◆ Task requirements:
Everything from the line that contains "在政策暖风频吹、经济转型升级" to the final line of the data, both ends included, must be set down exactly, apart from the pictures.

◆ Collected data:
····················

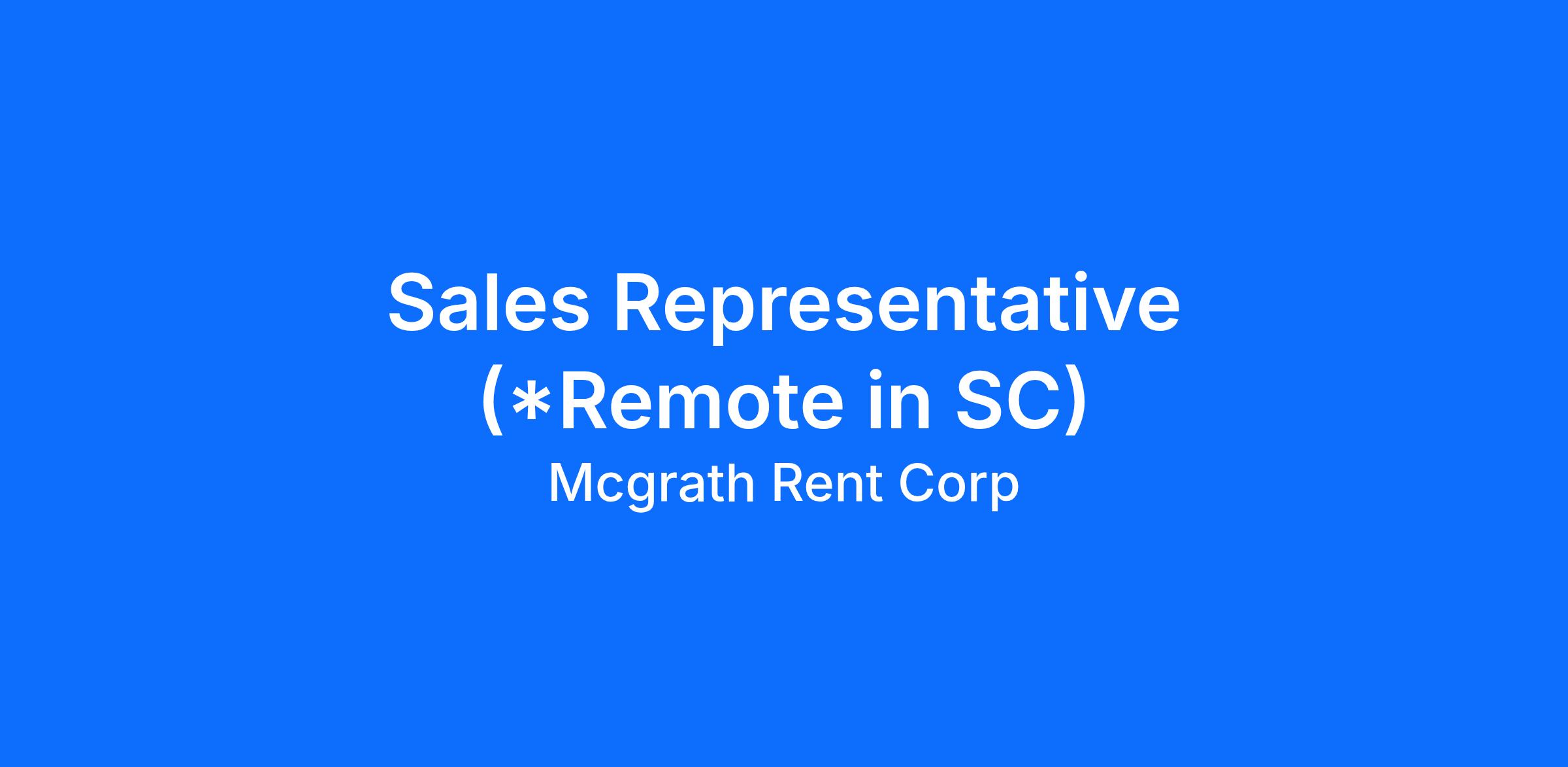 *Remote Position - Working from home and in the field with customers a few days per week. Must reside in South Carolina area.
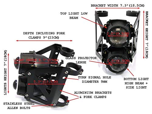 Ben fatto e molto solido: scocca in plastica ABS / staffe e morsetti forcelle in alluminio di alta qualità / luce in alto: anabbagliante e luce laterale / luce parcheggio/ luce inferiore: abbagliante.
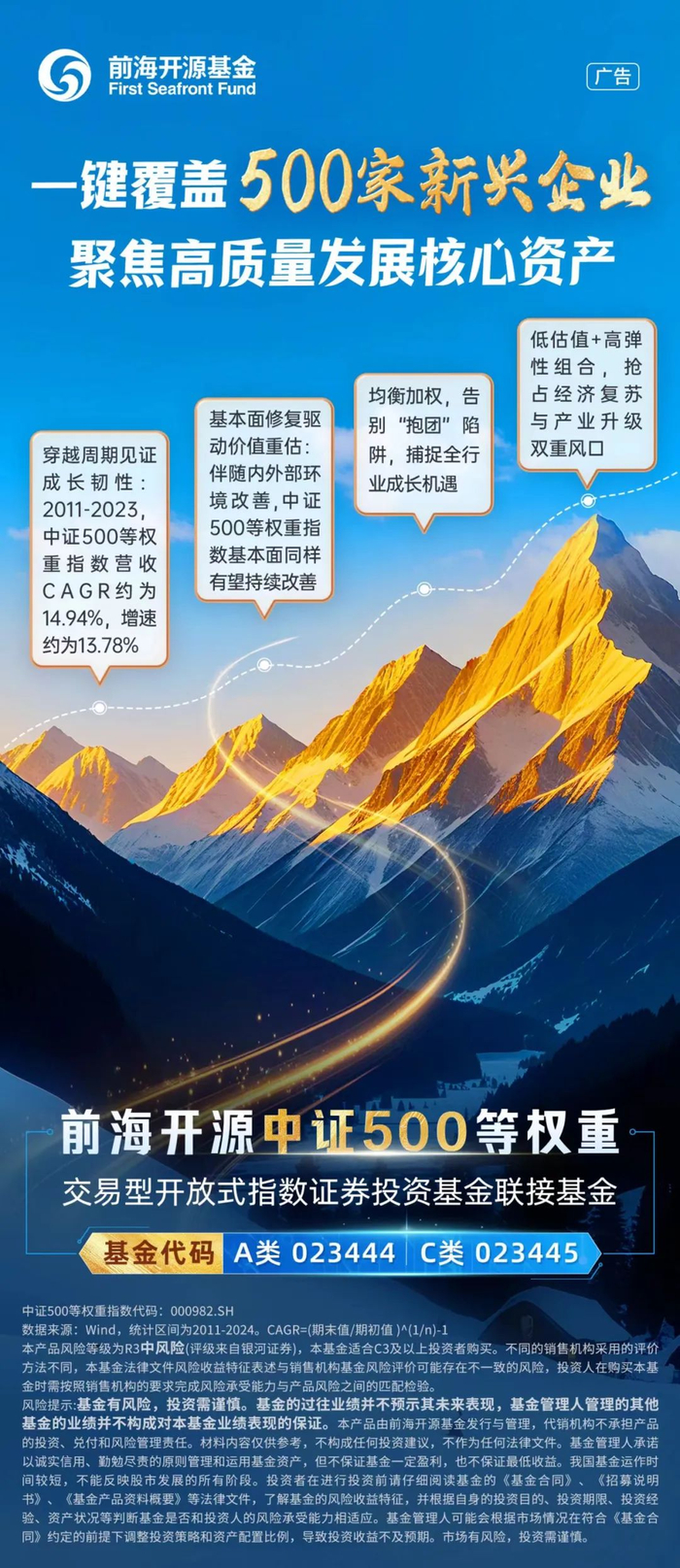 在政策暖风频吹、经济转型升级的背景下,中小盘企业有望迎来更多发展机遇,中证500等权重指数凭借其均衡配置、中小盘成长属性和自动再平衡机制,更具投资韧性,对于缺乏个股研究能力的普通投资者而言,不妨借助前海开源中证500等权ETF联接,一键高效布局中小盘成长机遇。
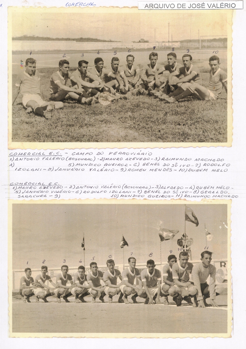 Jogadores do time Comercial Esporte Clube no gramado do campo do Clube Ferroviário.

····················

◆ Answer for the task:
 在政策暖风频吹、经济转型升级的背景下,中小盘企业有望迎来更多发展机遇,中证500等权重指数凭借其均衡配置、中小盘成长属性和自动再平衡机制,更具投资韧性,对于缺乏个股研究能力的普通投资者而言,不妨借助前海开源中证500等权ETF联接,一键高效布局中小盘成长机遇。
 Jogadores do time Comercial Esporte Clube no gramado do campo do Clube Ferroviário.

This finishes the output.